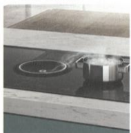
Il piano "Nikola Tesla One HP".

Minimale ma ipertecnologico, il piano a induzione con aspirazione integrata "Nikola Tesla One HP" di Elica ha funzioni cottura avanzate e aspiratore che elimina i fumi sul nascere. Il tutto nel segno del design, premiato da un Compasso d'Oro. INFO: ELICA.COM
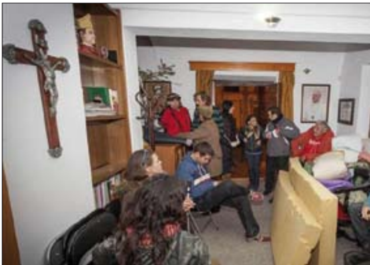
El encierro, previsto hasta el día 31, se prolongó hasta el 10 de enero.

Los activistas señalaban que no es posible que desde mayo que se aprobó la ley de la renta básica y desde septiembre que anunciaron que la iban a cobrar las primeras personas, a finales de diciembre
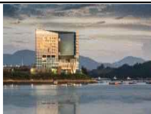
서남·근교권 임차연수원 4개소 54실 확충 (여수 히든베이, 여수 베네치아, 블룸비스타 양평, 엘리시안 강촌)
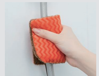
シャワーホース(風呂栓チェーン)
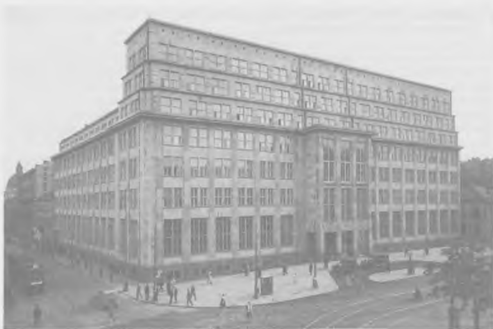
Gmach Banku Gospodarstwa Krajowego w Warszawie, wzniesiony w latach 1928–1931 wg projektu Rudolfa Świerczyńskiego. Stan w roku 1932

Bank Gospodarstwa Krajowego utworzony został na mocy rozporządzeń prezydenta z 30 i 31 maja 1924 roku. Powstał z fuzji trzech wywodzących się z Galicji banków publicznych: Polskiego Banku Krajowego (d. Banku Krajowego), Państwowego Banku Odbudowy

###

■ What you will do ■
For every line above that holds the word "Tesla", report the whole line.

■ Response to the exercise ■
Il piano "Nikola Tesla One HP".
Minimale ma ipertecnologico, il piano a induzione con aspirazione integrata "Nikola Tesla One HP" di Elica ha funzioni cottura avanzate e aspiratore che elimina i fumi sul nascere. Il tutto nel segno del design, premiato da un Compasso d'Oro. INFO: ELICA.COM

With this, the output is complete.